Knee-jerk reactions aren’t known for their subtlety

So, what do you do now? Well, luckily, the methodology to fix something like this is already a solved problem in the software world (I’m looking at YOU, unit testing). The concept of unit testing is pretty simple; there are tests created to ensure that bits of code work as anticipated. Sadly, I haven’t seen or heard this applied much in the context of detection and response, even though I think we absolutely should.

What would this look like? Well, here is how I’ve seen it implemented before:

  • You have one (or more) test machines/VMs in your network
  • It is imperative these machines have the exact same policies/tools applied to them that every other machine does
  • Those machines feed their logs to a system that uses the exact same detections as what you have running in prod
  • You run an attack that you think you will detect
  • You observe if a detection actually fires
  • You reset the machine and start over

To do this in a way that is continuous and scales it will require you to have a corpus of “attacks” you can run on your test boxes. There are products out there that offer suites of threat emulation that could be built into a pipeline like this. But even if you can’t get your hands on something like that, you could still run most of these manually.

The beauty of doing these things continuously and building a pipeline for this is you could get immediate feedback and notice changes over time. For example, did IT make a change to group policy last week that took an attack that didn’t used to work in your environment, and now it will work? Having a system like this will be able to give you that feedback.

I have my goals but the Universe is playing goal-line defense…

What are your real goals from doing something like this? There are a couple of them:

  1. Identify detections that aren’t detecting activity you think they should be. For example, let’s say you have a detection looking for psexec; if you run psexec and that detection doesn’t fire, it is time to go back to the drawing board on that one.
  2. Provide a feedback loop to improve detections that don’t work very well/are too niche. Let’s say you have a detection for Mimikatz, and that detection is looking for any process run from C:\Windows\Syystem32\Mimikatz.exe. “Awesome, now I can sleep well knowing that we’ll detect Mimikatz in our network…“, you may be thinking to yourself.

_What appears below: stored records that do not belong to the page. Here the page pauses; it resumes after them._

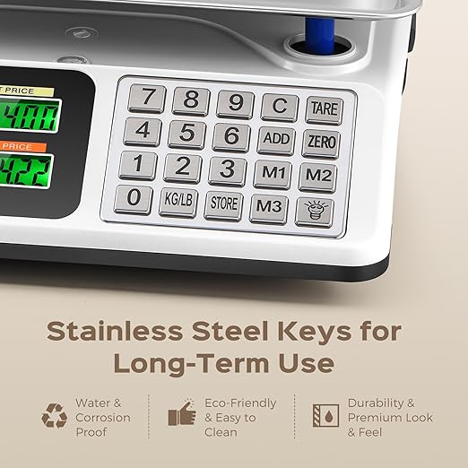 - 【Durable & Hygienic Stainless Steel Construction】Designed for demanding daily use, the scale features a full stainless steel platform and tactile stainless steel keys. This rust-resistant design is not only built to last but also ensures easy cleaning and maintenance, meeting strict food safety and hygiene standards for deli, meat, and produce handling.
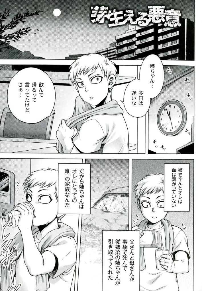 【エロ漫画】酔っ払って寝ている姉を夜這いしちゃう弟…寝込みから生ハメ中出し近親相姦プレイで絶頂アクメ堕ちしちゃう【叙火:芽生える悪意】
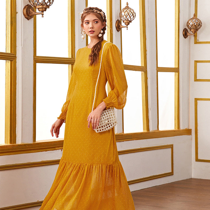 Round Neck Maxi Dress Lantern Sleeve Loose Maxi Dress
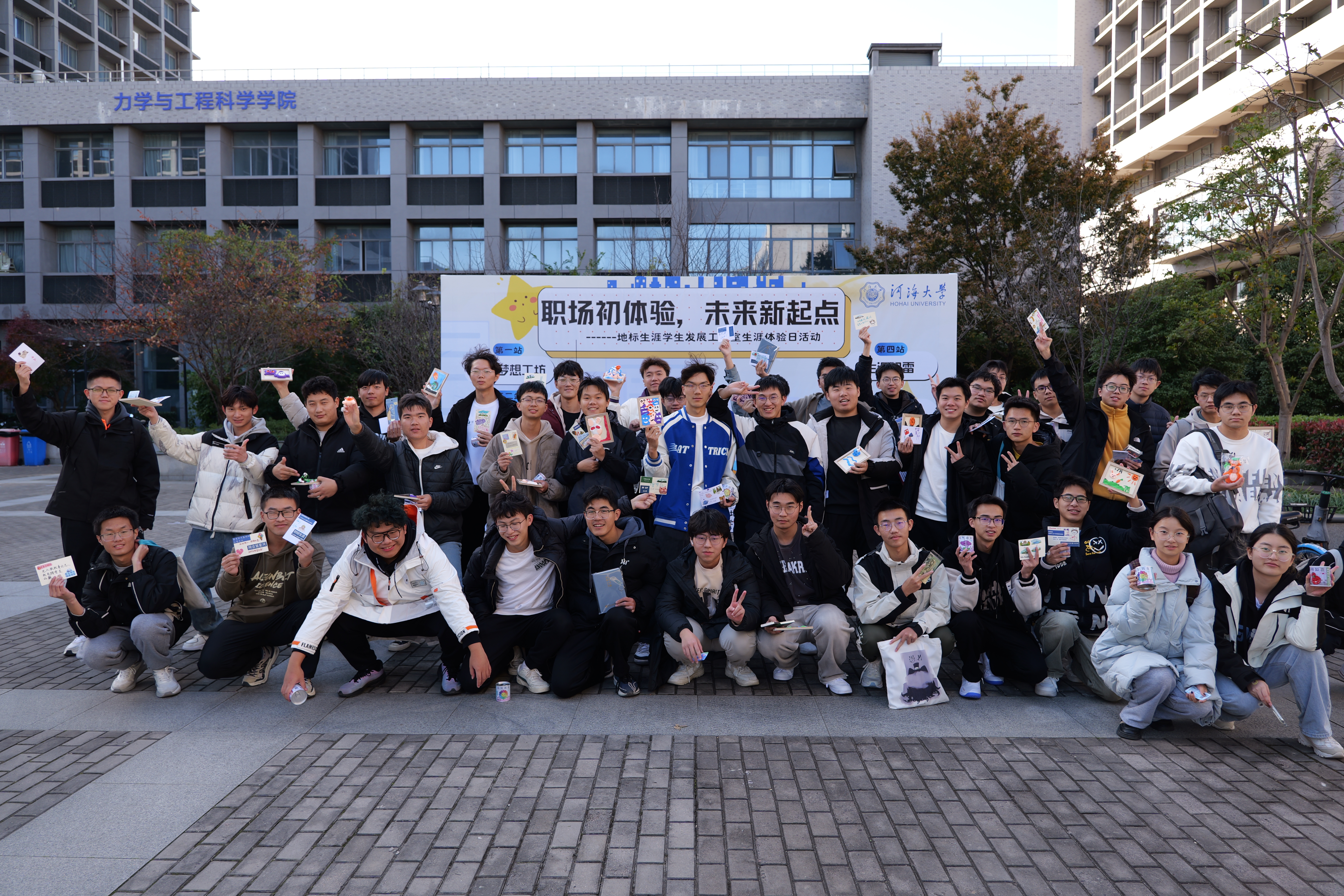 “梦想合影墙”为活动增添了独特的仪式感,同学们手举梦想牌或自己的作品,脸上洋溢着微笑,眼神中透露出自信,用影像记录下这次充满意义的初体验。
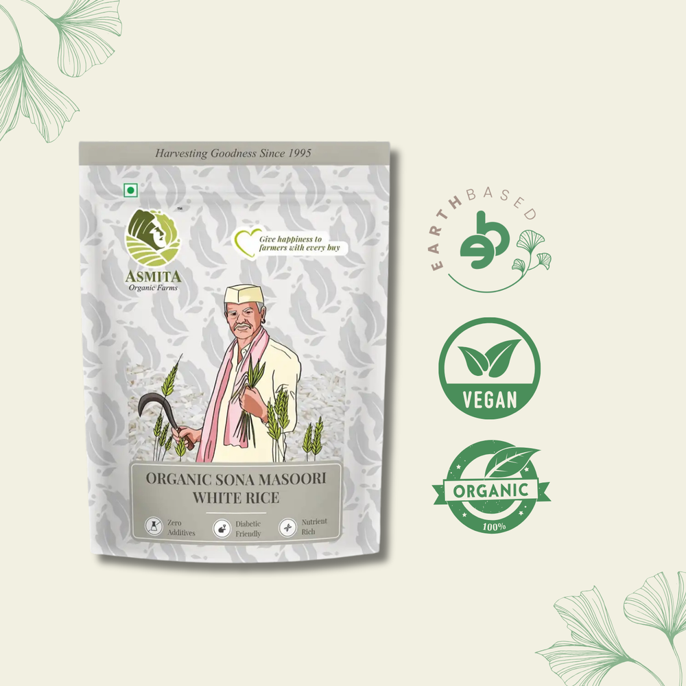 Our Organic Sona Masoori Rice is carefully cultivated in Vidarbha’s organic farms to preserve its natural flavour and quality. Known for its versatility, this white rice is perfect for preparing mouth-watering fried rice, khichdi, kheer, and other grain-based dishes. Grown without chemicals, pesticides, and GMOs, each grain embodies the essence of purity and authenticity. Treat yourself and your family to a wholesome meal that combines taste, texture, aroma, and nutritional value with Asmita Organic Farm’s organic rice.
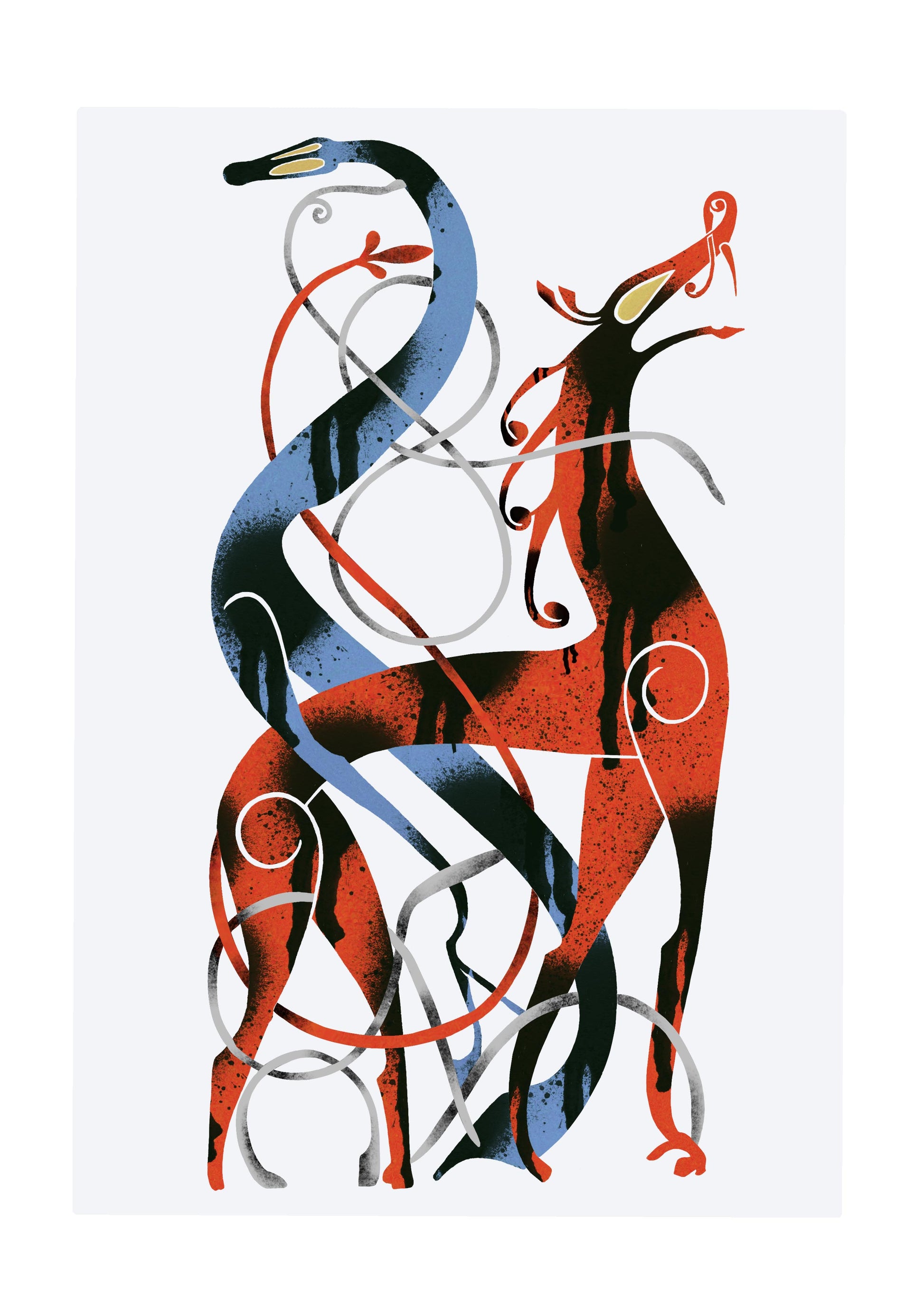 Illustrasjon basert på deler av dyreornamentikken som omkranser inngangsportalen på Urnes stavkirke, bygd rundt 1130-1140.
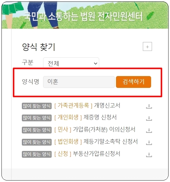 가정법원 이혼서류 다운로드 및 준비사항 안내.
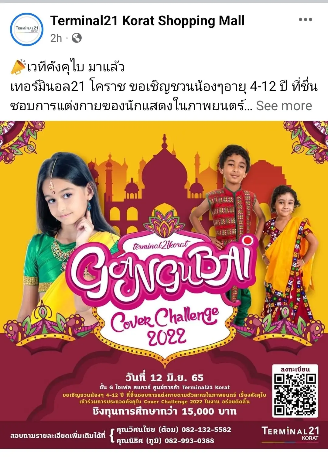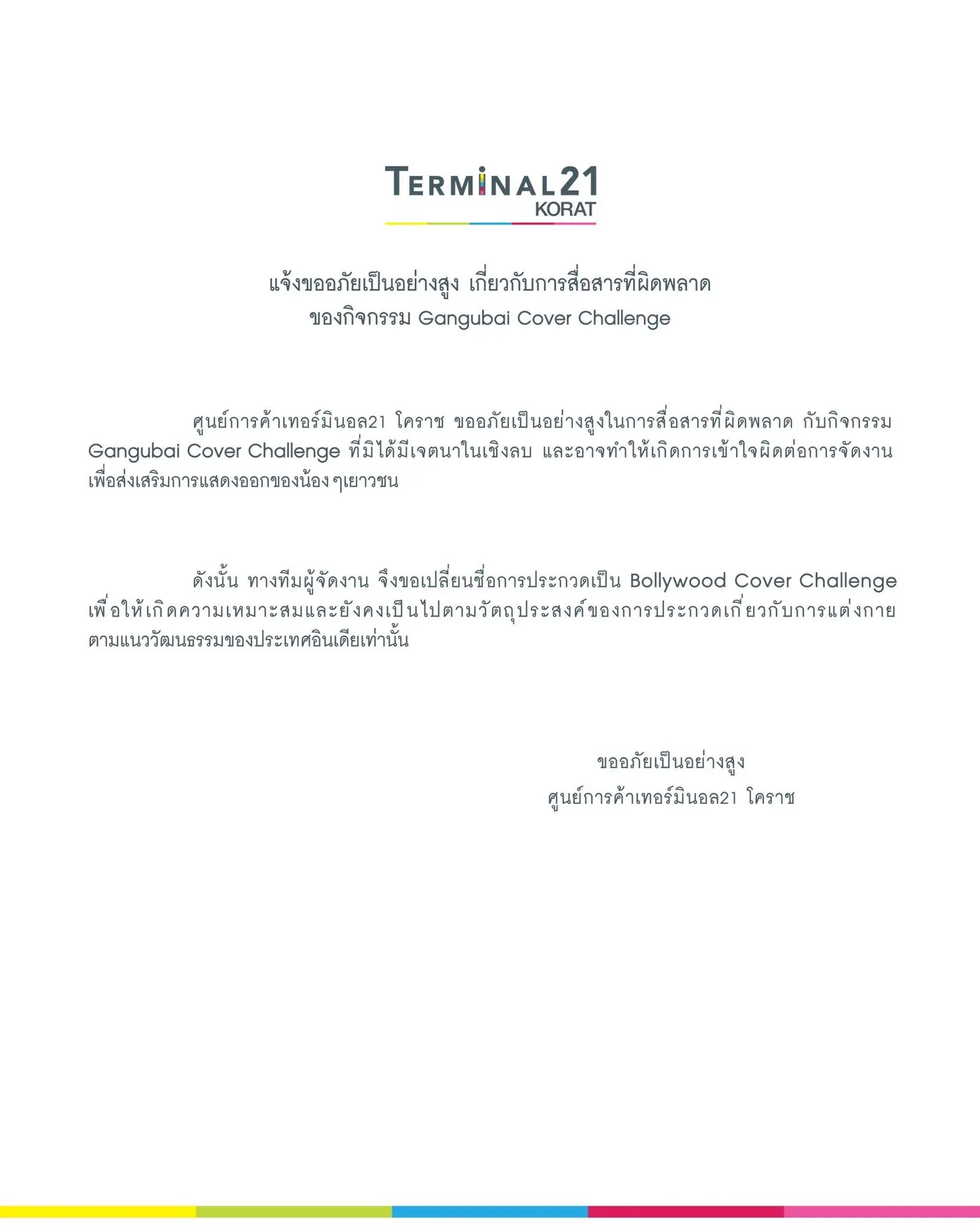 “ศูนย์การค้าเทอร์มินอล21 โคราช ขออภัยเป็นอย่างสูงในการสื่อสารที่ผิดพลาด กับกิจกรรม Gangubai Cover Challenge ที่มิได้มีเจตนาในเชิงลบ และอาจทำให้เกิดการเข้าใจผิดต่อการจัดงานเพื่อส่งเสริมการแสดงออกของน้องๆเยาวชน
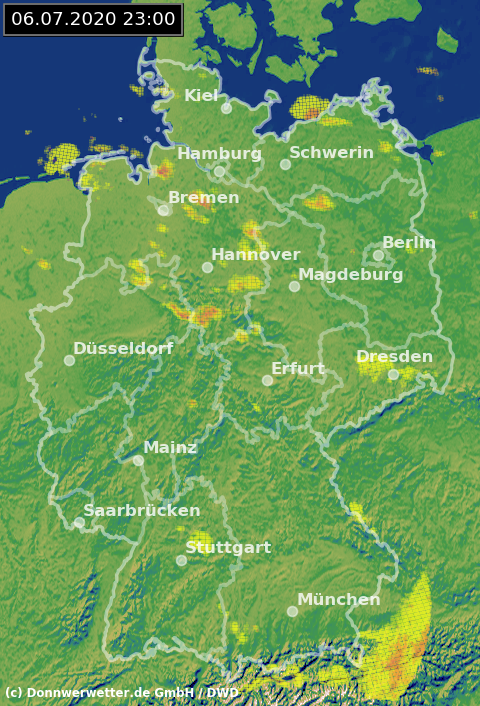 Radarbild von Montag, 06.07.2020 um 23.00 Uhr
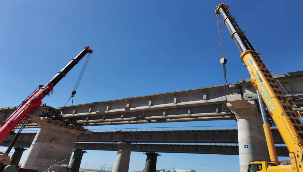 国道307线甜水河至灵武公路与宁东铁路大枣线交叉工程南沟大桥桥梁架设顺利完成

One question you should always be asking yourself is, “Under what circumstances would an attacker do this thing, but my detection not catch it?” For this example, what if the attacker runs Mimikatz from a temp or downloads folder? What if “Mimikatz.exe” is renamed to “Mimidogz.exe”? Or “update.exe”? Attackers can be crafty, and just renaming an attack tool happens relatively frequently. If you slightly alter one of these attacks on your test box, would your detection still work?
  3. You may find yourself in a situation where you are running certain attacks on your test box and realize that you don’t even have the right logs to be able to identify the activity/build detections off of. This is a fantastic and concrete data point that you can raise with business stakeholders to try to get buy-in for that kind of visibility!
  4. It’s not always feasible to build detections for all permutations of how an attacker may manifest themselves in your environment. But over time you will create better detections and you will have to get far more creative to pull off attacks in a way to evade them. That will have raised the bar high enough that attackers will have to expend more and more effort to do the same attacks, which is part of the point of all of this.


Trust me, the idea of a big CI/CD system for unit testing your detections may sound daunting and unrealistic for most people. But consider something like that a north star; most people should be able to coordinate doing some manual testing of attacks in their network to ensure you’re able to see and detect some of the low hanging fruit you may expect to see from attackers.

Don’t become complacent in the concept of “I don’t have to worry, we have a detection for that…” if you haven’t actively seen that detection fire on what you expect. Too many people (myself included), have made that mistake.

There’s at least a couple more blogs in the pipeline about detection methodologies, but I’m happy to respond to any questions/comments/concerns. Go make good shit happen today!